Proposed amendment to the Florida Constitution

2022 Florida Amendment 2 was a proposed amendment to the Florida Constitution, which failed on November 8, 2022. Through a statewide referendum, the amendment achieved only 53.87% support among voters in the U.S. state of Florida, short of the 60% majority required by state law.

== Overview ==
The amendment proposed to remove the 37-member Constitutional Revision Commission, which was formed with the intention of meeting every twenty years to propose changes to Florida's State Constitution.

== Ballot summary ==
The ballot summary read as follows:Proposing an amendment to the State Constitution to abolish the Constitution Revision Commission, which meets at 20-year intervals and is scheduled to next convene in 2037, as a method of submitting proposed amendments or revisions to the State Constitution to electors of the state for approval. This amendment does not affect the ability to revise or amend the State Constitution through citizen initiative, constitutional convention, the Taxation and Budget Reform Commission, or legislative joint resolution.

== Background ==
The Constitution Revision Commission, or CRC, previously met in 2018. It has been criticized, particularly by Republicans, for bundling "topics like vaping and oil drilling."

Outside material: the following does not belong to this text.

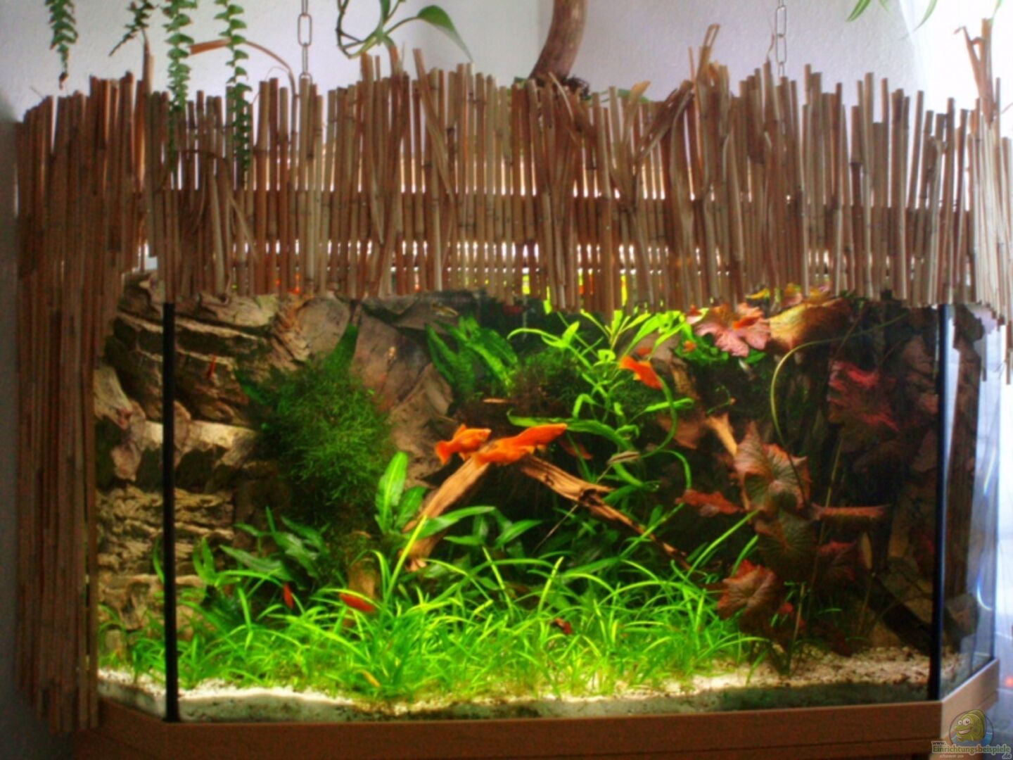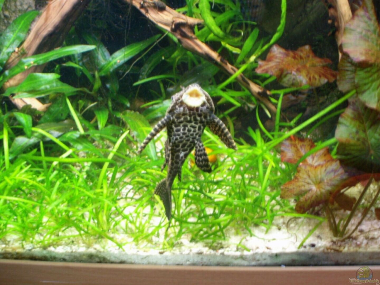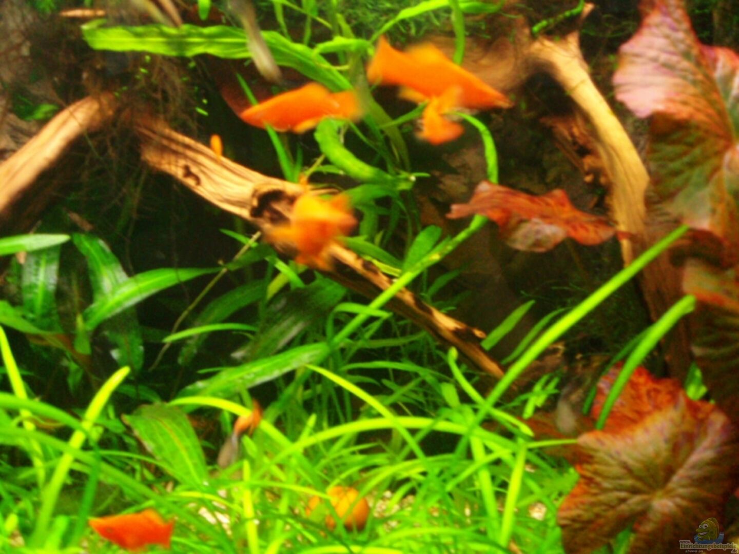 4 Siamesische Rüsselbarben, 3 Antennenwelse und deren Nachwuchs, 1 Wabenschilderwels der bald in das gro??e Diskusbecken umzieht, 8 Schwertträger und deren Nachwuchs der regelmä??ig abgeben wird. 10 Guppys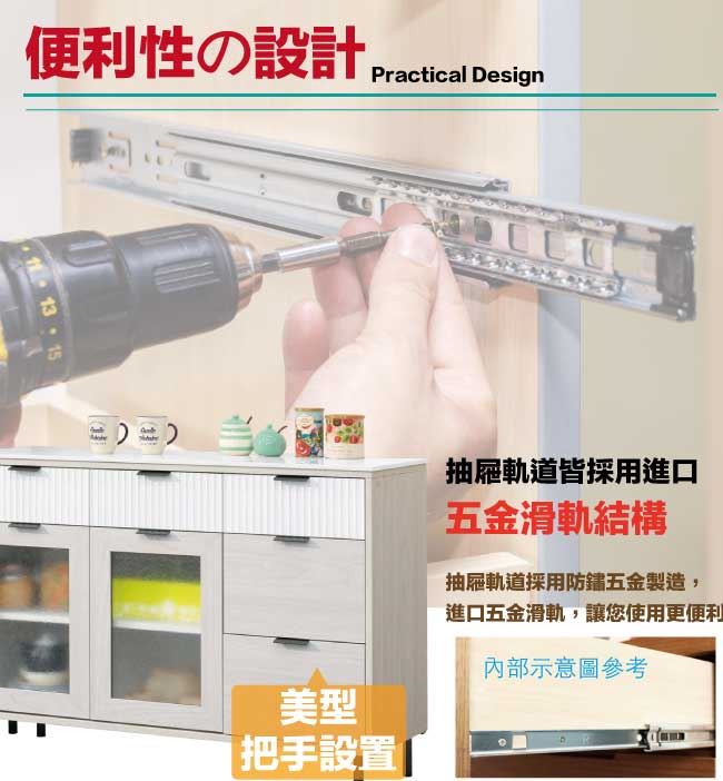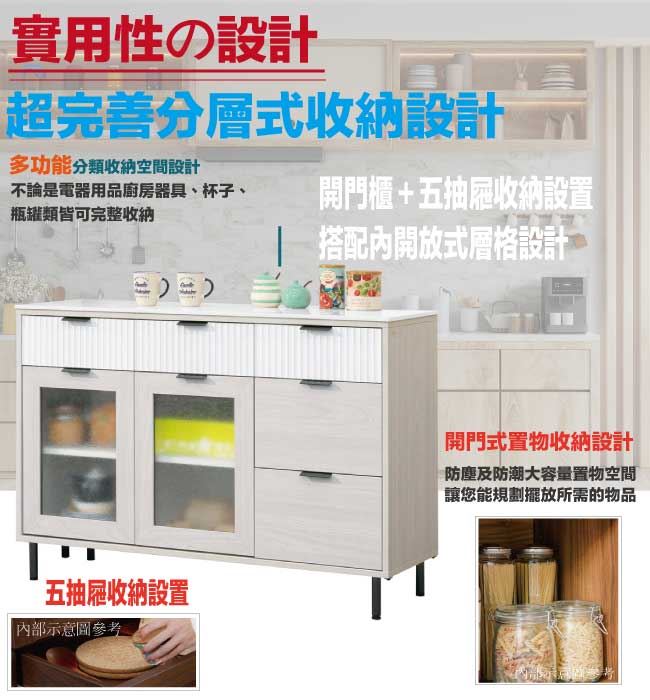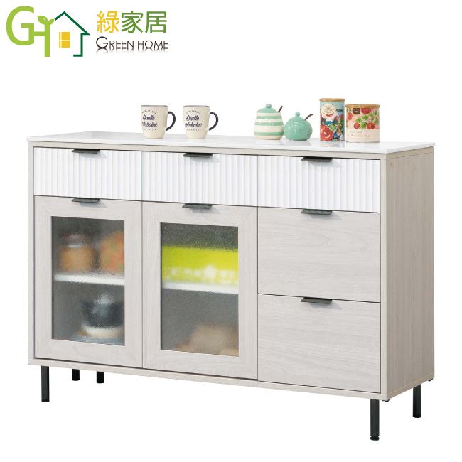 【綠家居】剛果雙色4尺岩板五抽餐櫃/收納櫃

The amendment was supported by Jeff Brandes, a Republican State Senator, but State House Representative and Democrat Anna Eskamani opposed it.

== Results ==
Although a majority of voters supported the referendum by a narrow margin of 53.87-46.13, the referendum failed to meet the required 60% majority for implementation. Support for the amendment was strongest in the southwestern counties, Sumter County, and Flagler County, while majorities voted against the amendment in Miami-Dade County, Seminole County, and several counties in northern Florida and the Panhandle.